Number of Real Solutions of $\frac{7^{1+\cos(\pi x)}}{3}+3^{x^2-2}+9^{\frac{1}{2}-|x|}=1$ 
Find the number of real solutions of the equation $$\frac{7^{1+\cos(\pi x)}}{3}+3^{x^2-2}+9^{\frac{1}{2}-|x|}=1\,.$$

By hit and trial i got the solution at $x=\pm 1$ but i am not able to solve it as it involves power of 7
 A: Note that $1+\cos(\pi x)\geq 0$ for all $x\in\mathbb{R}$.  Therefore,
$$1-\frac{7^{1+\cos(\pi x)}}{3}\leq 1-\frac{1}{3}=\frac{2}{3}\,.$$
Thus, if $x$ is a real solution of the required equation, then
$$3^{x^2-1}+3^{2\big(1-|x|\big)}=3\,\left(3^{x^2-2}+9^{\frac12-|x|}\right)=3\,\left(1-\frac{7^{1+\cos(\pi x)}}{3}\right)\leq 2\,.$$
By the AM-GM Inequality,
$$3^{x^2-1}+3^{2\big(1-|x|\big)}\geq 2\,\sqrt{3^{x^2-1}\cdot3^{2\big(1-|x|\big)}}=2\cdot3^{\frac{\big(|x|-1\big)^2}{2}}\geq 2\,.$$
Therefore, the inequality above must be an equality, which means $x^2-1=2\big(1-|x|\big)$ and $\big(|x|-1\big)^2=0$.  This shows that $|x|=1$, or $x=\pm1$.

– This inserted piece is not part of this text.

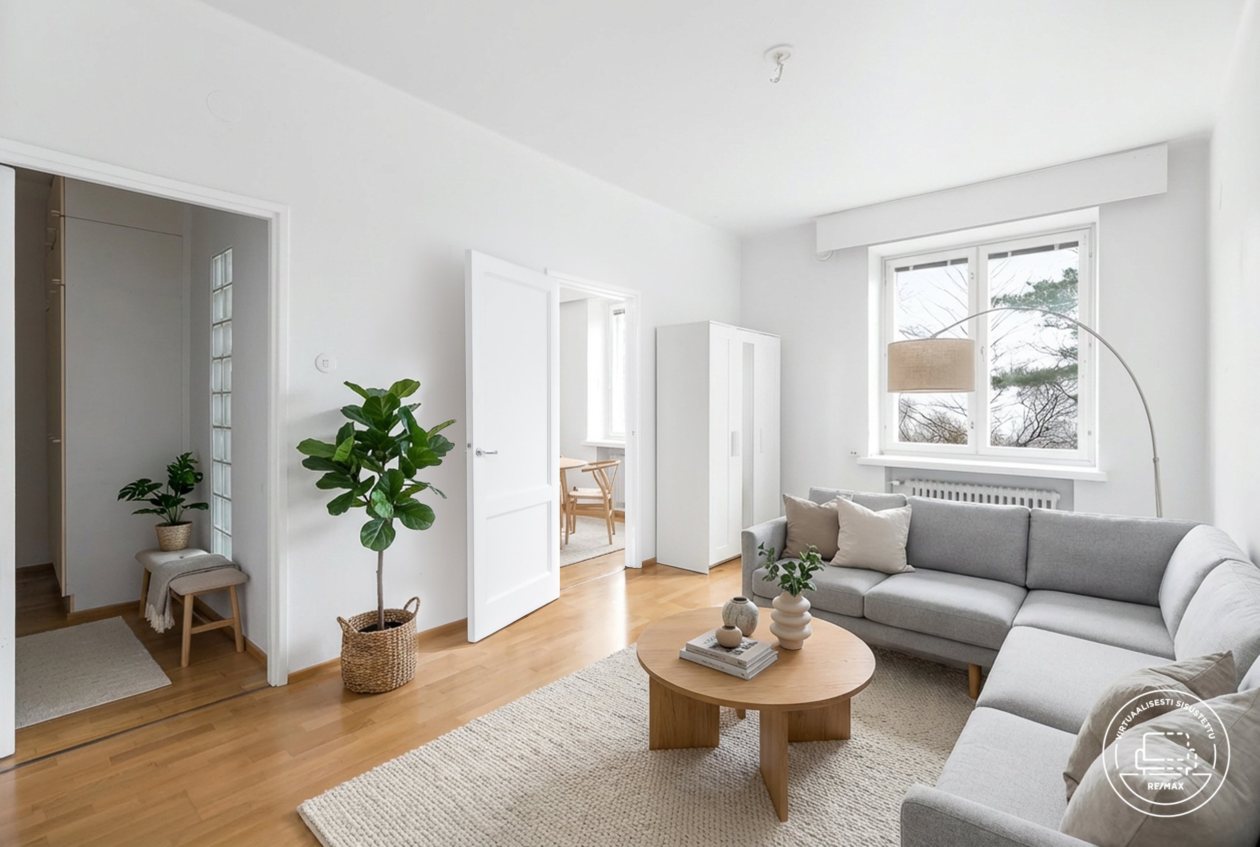 Taka-Töölössä loistopaikalla toisen kerroksen valoisa kaksio.

A: Note that $\frac{7^{1+cos\pi x}}{3}+3^{x^2-2}+9^{\frac{1}{2}-|x|}$ is an even function. So it's enough to consider $x\ge 0$.
Let $$f(x) = \frac{7^{1+cos\pi x}}{3}+3^{x^2-2}+9^{\frac{1}{2}-x}$$
If $x \gt \sqrt{2} \ $ then $3^{x^2 - 2}\gt 1$ and also $\frac{7^{1+cos\pi x}}{3} \gt 0 \ \ , \ 9^{\frac{1}{2}-x} \gt 0$. Therefore $f(x) \gt 1$ and there is no root in this case. In the interval $0\le x \le 1$ we will show $\frac{7^{1+cos\pi x}}{3}$ is a decreasing function and also $3^{x^2-2}+9^{\frac{1}{2}-x}$. So there sum will be decreasing and the only root occurs when $x = 1$. When $1\lt x \le \sqrt{2}$ we have to compute the derivative $$f'(x) = -\frac{7\pi\ln 7}{3}\times7^{\cos \pi x} \sin{\pi x} + (2x)(\ln 3) 3^{x^2 -2} + (-2)(\ln 3)3^{1-2x}$$
In the mentioned interval $-\sin \pi x$ and $\cos \pi x$ are increasing so $-\frac{7\pi\ln 7}{3}\times7^{\cos \pi x} \sin{\pi x}$ is increasing. In the similar manner we can show two other functions are increasing, so $f'(x)$ is increasing when $1\lt x \le \sqrt{2}$. So we have $f'(x) \gt f'(1) = 0$. We can conclude there is no root in $1\lt x \le \sqrt{2}$.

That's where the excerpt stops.